─── Excerpted data ───

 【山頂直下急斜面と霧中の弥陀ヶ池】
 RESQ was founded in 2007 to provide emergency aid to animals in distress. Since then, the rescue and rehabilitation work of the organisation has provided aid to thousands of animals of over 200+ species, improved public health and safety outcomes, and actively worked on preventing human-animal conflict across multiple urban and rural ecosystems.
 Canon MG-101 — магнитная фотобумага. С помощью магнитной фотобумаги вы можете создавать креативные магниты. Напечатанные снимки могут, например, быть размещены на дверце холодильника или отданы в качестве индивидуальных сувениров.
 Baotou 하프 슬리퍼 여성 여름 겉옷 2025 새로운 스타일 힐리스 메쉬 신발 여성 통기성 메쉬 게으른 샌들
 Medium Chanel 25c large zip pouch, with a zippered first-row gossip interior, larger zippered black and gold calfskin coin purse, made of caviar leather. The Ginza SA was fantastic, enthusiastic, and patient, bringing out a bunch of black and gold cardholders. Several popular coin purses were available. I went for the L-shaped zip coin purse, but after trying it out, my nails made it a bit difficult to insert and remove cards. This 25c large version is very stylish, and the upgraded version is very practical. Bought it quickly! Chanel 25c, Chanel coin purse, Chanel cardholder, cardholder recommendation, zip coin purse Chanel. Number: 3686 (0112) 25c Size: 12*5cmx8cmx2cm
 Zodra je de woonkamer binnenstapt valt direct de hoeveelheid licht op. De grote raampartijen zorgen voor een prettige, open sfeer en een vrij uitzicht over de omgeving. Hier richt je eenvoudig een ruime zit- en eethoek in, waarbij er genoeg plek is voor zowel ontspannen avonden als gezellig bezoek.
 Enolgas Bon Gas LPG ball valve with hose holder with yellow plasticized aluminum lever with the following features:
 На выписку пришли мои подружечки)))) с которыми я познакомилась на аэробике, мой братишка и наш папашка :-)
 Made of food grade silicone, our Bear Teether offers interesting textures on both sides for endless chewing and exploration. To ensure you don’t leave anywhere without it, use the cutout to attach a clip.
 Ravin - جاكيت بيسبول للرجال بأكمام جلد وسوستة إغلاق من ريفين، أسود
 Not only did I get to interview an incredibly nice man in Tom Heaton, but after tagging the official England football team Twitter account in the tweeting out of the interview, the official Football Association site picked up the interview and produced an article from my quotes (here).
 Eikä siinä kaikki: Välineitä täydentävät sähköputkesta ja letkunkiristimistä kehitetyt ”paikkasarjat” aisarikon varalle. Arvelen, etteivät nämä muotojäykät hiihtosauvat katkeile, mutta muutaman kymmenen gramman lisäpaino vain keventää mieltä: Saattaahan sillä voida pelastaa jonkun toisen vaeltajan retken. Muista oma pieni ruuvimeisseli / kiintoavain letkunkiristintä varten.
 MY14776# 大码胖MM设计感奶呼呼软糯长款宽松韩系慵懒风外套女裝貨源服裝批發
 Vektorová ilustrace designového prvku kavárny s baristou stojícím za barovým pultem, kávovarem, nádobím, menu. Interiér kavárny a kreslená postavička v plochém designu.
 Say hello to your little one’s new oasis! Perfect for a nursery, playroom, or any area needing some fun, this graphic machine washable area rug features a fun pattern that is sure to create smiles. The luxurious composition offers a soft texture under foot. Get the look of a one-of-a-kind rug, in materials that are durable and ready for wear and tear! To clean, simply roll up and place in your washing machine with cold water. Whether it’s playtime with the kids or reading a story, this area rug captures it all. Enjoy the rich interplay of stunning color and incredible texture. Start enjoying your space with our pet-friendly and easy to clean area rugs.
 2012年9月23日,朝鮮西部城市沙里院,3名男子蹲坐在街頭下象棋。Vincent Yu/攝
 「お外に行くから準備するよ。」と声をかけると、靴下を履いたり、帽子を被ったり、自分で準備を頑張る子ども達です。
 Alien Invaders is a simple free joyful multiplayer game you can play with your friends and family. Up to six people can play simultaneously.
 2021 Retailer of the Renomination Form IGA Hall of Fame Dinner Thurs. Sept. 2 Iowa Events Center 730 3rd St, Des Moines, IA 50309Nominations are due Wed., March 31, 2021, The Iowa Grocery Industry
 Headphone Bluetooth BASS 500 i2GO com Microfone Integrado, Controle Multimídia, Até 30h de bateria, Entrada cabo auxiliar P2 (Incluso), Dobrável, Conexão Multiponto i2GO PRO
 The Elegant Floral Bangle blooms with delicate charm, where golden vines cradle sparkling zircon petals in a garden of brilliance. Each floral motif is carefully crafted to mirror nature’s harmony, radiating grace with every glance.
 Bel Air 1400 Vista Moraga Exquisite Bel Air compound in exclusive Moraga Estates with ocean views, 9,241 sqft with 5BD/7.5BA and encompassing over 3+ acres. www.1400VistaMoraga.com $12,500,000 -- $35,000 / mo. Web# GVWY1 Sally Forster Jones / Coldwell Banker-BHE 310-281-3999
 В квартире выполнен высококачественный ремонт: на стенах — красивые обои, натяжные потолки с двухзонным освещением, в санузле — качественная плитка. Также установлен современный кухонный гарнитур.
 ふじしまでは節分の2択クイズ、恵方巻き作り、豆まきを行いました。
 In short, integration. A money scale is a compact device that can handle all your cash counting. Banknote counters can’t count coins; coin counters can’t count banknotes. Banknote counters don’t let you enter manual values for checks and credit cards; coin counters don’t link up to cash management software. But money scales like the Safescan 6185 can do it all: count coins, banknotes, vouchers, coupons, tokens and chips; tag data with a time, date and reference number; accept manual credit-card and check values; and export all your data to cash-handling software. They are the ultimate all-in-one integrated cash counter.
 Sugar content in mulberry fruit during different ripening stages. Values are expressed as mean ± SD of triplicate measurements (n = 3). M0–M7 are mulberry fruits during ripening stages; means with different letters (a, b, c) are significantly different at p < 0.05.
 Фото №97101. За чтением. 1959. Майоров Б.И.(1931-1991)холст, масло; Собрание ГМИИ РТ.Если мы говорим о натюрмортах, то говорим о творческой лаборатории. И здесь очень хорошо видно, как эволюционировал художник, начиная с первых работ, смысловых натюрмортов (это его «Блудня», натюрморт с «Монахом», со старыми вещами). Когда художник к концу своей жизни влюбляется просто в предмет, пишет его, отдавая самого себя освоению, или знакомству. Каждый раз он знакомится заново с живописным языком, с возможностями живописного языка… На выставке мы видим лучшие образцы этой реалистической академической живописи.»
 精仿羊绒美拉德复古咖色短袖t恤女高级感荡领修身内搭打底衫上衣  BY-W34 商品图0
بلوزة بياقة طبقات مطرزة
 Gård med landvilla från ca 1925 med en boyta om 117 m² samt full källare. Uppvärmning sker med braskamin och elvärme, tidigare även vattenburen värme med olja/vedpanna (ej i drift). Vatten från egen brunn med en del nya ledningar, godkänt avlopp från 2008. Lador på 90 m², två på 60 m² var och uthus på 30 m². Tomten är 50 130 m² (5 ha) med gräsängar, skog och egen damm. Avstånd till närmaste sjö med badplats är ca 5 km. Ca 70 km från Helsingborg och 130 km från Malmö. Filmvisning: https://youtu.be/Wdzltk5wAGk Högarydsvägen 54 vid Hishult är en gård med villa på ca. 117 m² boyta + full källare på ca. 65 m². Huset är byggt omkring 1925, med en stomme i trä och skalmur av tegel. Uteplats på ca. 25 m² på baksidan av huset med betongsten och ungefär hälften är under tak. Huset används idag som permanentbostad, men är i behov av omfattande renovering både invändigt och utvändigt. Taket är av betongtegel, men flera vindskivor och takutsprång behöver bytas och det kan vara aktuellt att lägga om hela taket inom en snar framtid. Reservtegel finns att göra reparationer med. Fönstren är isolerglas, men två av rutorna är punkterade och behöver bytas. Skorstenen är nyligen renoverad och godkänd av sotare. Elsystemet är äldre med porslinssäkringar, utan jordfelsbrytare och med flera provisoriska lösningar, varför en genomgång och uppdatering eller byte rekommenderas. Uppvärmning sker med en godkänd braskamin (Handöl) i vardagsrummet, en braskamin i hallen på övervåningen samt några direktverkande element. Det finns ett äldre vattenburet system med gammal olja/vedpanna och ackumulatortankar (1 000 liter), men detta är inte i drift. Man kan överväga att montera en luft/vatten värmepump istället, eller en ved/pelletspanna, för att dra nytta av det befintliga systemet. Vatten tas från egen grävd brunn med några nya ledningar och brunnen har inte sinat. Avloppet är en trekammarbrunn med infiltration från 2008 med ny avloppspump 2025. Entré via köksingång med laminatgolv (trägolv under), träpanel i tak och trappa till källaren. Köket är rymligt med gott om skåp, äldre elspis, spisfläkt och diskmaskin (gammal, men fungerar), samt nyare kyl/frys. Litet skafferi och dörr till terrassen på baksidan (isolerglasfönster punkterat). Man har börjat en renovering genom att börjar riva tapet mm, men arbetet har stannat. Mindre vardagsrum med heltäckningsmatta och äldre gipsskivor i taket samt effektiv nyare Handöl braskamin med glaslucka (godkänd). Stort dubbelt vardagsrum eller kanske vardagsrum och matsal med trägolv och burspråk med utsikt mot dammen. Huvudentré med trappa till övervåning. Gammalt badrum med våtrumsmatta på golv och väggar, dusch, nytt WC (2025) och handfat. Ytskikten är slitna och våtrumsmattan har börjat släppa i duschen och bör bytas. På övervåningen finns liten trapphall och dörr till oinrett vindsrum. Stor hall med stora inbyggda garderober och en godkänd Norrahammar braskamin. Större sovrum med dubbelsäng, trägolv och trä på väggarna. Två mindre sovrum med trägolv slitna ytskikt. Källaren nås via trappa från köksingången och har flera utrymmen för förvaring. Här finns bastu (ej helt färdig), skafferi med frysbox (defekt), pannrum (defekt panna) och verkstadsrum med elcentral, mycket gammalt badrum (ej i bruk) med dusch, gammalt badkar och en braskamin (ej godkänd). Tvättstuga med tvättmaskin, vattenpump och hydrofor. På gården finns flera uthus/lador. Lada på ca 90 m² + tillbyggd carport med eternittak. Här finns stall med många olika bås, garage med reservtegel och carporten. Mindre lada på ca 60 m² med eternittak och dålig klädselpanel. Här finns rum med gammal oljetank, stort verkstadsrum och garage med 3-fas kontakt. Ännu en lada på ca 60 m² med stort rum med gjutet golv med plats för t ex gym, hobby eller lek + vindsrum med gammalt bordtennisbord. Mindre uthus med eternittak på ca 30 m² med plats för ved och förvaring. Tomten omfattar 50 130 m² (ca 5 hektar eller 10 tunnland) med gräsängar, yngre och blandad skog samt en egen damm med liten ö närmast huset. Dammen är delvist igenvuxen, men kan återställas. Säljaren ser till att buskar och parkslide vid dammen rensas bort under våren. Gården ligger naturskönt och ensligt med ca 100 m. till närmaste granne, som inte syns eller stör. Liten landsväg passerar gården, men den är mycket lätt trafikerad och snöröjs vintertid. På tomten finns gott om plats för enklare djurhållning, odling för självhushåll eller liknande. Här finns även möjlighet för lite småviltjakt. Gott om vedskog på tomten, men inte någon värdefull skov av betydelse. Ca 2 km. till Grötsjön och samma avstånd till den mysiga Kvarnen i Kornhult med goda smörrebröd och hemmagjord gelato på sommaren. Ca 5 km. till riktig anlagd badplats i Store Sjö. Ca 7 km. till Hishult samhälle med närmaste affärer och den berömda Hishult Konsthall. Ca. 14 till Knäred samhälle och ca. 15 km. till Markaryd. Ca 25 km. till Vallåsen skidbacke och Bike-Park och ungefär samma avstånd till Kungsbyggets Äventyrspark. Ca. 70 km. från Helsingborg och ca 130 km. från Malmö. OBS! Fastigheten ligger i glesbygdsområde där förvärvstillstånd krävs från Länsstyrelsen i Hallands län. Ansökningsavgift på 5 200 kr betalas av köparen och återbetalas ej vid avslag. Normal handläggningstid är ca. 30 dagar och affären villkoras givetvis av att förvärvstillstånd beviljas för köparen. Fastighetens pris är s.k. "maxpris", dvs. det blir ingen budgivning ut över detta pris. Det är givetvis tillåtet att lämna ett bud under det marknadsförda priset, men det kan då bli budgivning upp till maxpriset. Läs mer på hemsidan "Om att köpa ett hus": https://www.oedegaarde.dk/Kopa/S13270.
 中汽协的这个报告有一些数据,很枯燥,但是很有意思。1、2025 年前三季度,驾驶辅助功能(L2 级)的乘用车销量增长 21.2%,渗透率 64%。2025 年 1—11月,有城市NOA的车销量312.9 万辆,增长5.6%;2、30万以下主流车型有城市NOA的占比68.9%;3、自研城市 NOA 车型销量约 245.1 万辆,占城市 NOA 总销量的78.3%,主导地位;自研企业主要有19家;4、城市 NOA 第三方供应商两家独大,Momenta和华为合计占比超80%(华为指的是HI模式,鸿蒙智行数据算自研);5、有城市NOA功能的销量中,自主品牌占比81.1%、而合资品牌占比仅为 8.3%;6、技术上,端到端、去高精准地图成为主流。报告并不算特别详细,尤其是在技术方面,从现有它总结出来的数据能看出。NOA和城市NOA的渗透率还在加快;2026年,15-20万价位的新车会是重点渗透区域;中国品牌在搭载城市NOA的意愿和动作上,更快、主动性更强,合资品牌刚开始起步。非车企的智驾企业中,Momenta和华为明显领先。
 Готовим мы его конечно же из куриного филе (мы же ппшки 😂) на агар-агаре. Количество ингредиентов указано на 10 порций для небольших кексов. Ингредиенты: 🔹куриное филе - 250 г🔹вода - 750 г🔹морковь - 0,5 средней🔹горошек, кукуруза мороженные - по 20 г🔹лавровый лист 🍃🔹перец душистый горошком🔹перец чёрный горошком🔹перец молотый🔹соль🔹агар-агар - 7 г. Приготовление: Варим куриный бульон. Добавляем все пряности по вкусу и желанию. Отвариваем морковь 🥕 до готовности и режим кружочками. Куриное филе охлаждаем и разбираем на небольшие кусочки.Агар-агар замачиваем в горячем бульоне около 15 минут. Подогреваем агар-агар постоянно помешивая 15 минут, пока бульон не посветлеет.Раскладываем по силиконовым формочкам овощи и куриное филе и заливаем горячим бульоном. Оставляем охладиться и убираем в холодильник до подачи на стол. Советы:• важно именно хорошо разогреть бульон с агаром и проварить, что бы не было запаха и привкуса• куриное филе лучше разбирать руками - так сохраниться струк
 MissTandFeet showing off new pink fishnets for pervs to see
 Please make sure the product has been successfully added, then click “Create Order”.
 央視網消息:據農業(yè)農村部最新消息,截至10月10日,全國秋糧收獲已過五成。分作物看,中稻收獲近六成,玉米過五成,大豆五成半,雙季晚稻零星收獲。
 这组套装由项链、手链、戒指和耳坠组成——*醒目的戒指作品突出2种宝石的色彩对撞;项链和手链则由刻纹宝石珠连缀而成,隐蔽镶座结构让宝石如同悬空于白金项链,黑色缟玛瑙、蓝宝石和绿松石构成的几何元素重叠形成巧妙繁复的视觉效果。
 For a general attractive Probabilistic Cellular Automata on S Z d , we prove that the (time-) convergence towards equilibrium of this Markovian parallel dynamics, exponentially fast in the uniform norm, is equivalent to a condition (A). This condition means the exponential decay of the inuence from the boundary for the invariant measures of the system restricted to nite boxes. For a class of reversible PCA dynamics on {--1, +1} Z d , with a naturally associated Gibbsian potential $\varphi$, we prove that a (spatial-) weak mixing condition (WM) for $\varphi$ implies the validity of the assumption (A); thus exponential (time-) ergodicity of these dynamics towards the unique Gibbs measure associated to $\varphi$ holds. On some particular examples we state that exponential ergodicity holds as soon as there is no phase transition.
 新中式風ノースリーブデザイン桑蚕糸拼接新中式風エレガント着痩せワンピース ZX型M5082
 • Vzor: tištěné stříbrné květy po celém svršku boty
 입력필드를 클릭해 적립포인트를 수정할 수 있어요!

───

# Requirement
Each line above from the one with "Sugar content in" up to and including the one with "بلوزة بياقة طبقات مطرزة" must be set down exactly, and no line outside that span may appear.

# Exercise result
 Sugar content in mulberry fruit during different ripening stages. Values are expressed as mean ± SD of triplicate measurements (n = 3). M0–M7 are mulberry fruits during ripening stages; means with different letters (a, b, c) are significantly different at p < 0.05.
 Фото №97101. За чтением. 1959. Майоров Б.И.(1931-1991)холст, масло; Собрание ГМИИ РТ.Если мы говорим о натюрмортах, то говорим о творческой лаборатории. И здесь очень хорошо видно, как эволюционировал художник, начиная с первых работ, смысловых натюрмортов (это его «Блудня», натюрморт с «Монахом», со старыми вещами). Когда художник к концу своей жизни влюбляется просто в предмет, пишет его, отдавая самого себя освоению, или знакомству. Каждый раз он знакомится заново с живописным языком, с возможностями живописного языка… На выставке мы видим лучшие образцы этой реалистической академической живописи.»
 精仿羊绒美拉德复古咖色短袖t恤女高级感荡领修身内搭打底衫上衣  BY-W34 商品图0
بلوزة بياقة طبقات مطرزة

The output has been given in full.